La montagne est-elle toujours verte ?


— Par Roland Tell —

Le progrès dans la conscience de l’histoire esclavagiste est définitivement acquis à la Martinique. C’est, bien là, la spécification éthique du peuple martiniquais. Cependant, la recherche d’un commun dénominateur, entre nègres et békés, crée délibérément la conscience d’une société sans conscience collective. Le moindre problème social se ramène à des principes de proportionnalité. Il n’y a pas de solution vers l’unité de la communauté ! Pas d’unité du corps social dans son ensemble, du fait du poids historique très lourd de l’esclavage. Le dernier politicien héros de la CTM, de droite, de gauche, ou indépendantiste, qu’il soit président ou conseiller exécutif, est chaque jour plus soucieux de construire sa propre image de gouvernant dogmatique, pour les générations à venir, comme exemplaire de « godillot » sur papier imprimé de l’alliance de gestion, que de chercher à unir les Martiniquais sur un minimum doctrinal.
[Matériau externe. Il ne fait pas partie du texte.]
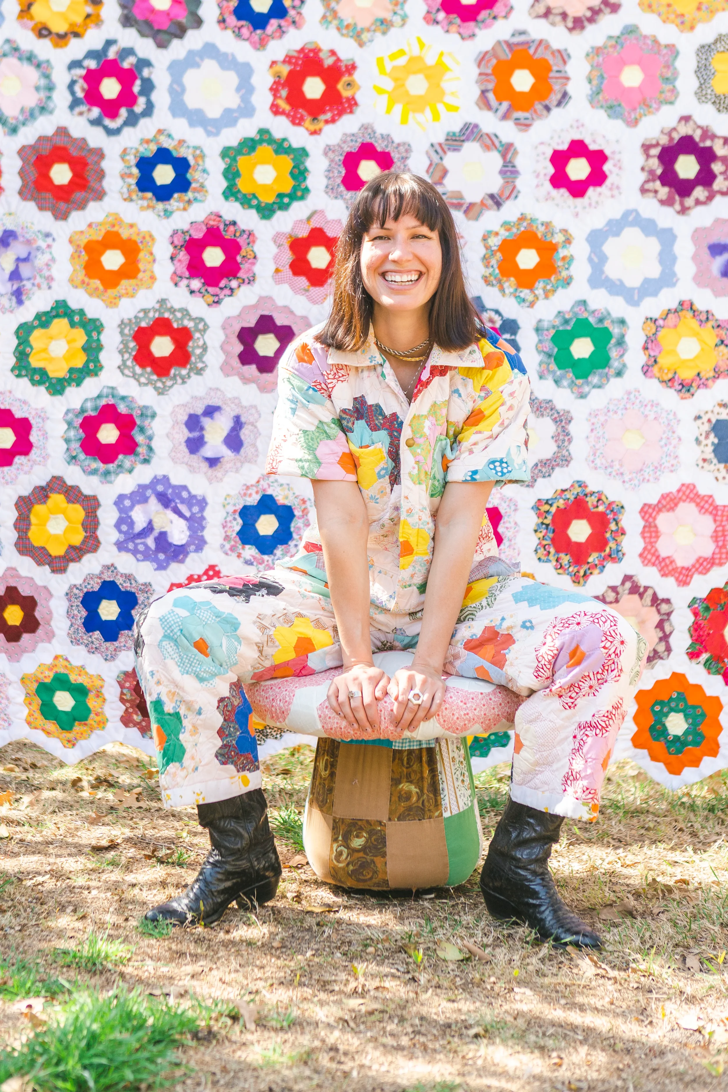Then came the pandemic, which was a big turning point. I suddenly couldn’t go out and hunt for fabrics like I used to, so I had an idea: what if people sent me their own quilts, and I’d turn them into jackets in their size and send them back. That became such a special chapter in Psychic Outlaw’s story. It felt like a group art project at a time when we were all craving connection, creativity, and something positive to focus on. Through it all, the business helped spark important conversations about fast fashion, environmental impact, labor, and how we can be more intentional with what we wear.

Mais par quel moyen ? En avançant toujours leurs intérêts de militants tourmentés à entretenir la confusion entre le gain historique, et le chantage institutionnel. Chez eux donc, aux assises de leur doux silence pensant, appelant en souvenir les évènements passés, soupirant l’absence de viatiques communs, tel l’opium du peuple, l’émotionnalisme et l’intellectualisme superficiels entraînent ainsi, dans leur sillage, des déviations, des dérives, des désordres, qui empêchent toute conquête et toute réalisation de l’unité martiniquaise, pourtant si utile, par exemple, pour le travail des jeunes au chômage. Il n’y a pas d’erreur plus infortunée en politique que de prendre, pour substances de vie sociale, les oriflammes aux couleurs de l’abîme, d’où sort le peuple martiniquais, ainsi que les supplications et les prières chantées, à l’égard des chaînes brisées, les uns et les autres, venus du fond des temps, dans l’autre règne de la mort.
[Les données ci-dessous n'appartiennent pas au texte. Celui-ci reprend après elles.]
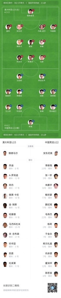 澳大利亚U23首发:1-帕特里克-比奇、2-基利-亚当森、5-朱塞佩-博瓦利纳、13-安东尼-潘塔佐普洛斯、6-奥斯卡-普里斯特曼、14-伊桑-阿拉吉奇、23-里斯-博日诺夫斯基、9-纳撒内尔-布莱尔、10-马修-格里马尔迪、15-内森-波尔、22-埃布尔-瓦拉蒂

Certes, étant donné la misère de la condition des jeunes à la Martinique, de tels désordres de gestion, de surcroît monnayés, contrarient, dissimulent, et obscurcissent, dans le monde moderne, la révolution essentielle : l’avènement d’une Collectivité Martiniquaise, de plein exercice, par processus continu de différenciation, selon une relation de plus en plus affirmée d’autonomie, civilement établie, d’après les modes modernes de collaboration de deux pouvoirs.
C’est d’abord cela l’idéal historique, qu’il importe de caractériser, pour donner à la Martinique entière le sens plus aigu de la communauté, en tant que peuple, la loi de l’usage commun, et enfin, nègres et békés mêlés, les possibilités conquises, pas à pas, d’accéder aux attributs de souveraineté, que sont un drapeau et un hymne, donc aux avantages de la liberté réelle, dans les structures étatiques, comme partout ailleurs, politiquement et socialement ordonnées au bien commun, dans le sens de la communion patriotique.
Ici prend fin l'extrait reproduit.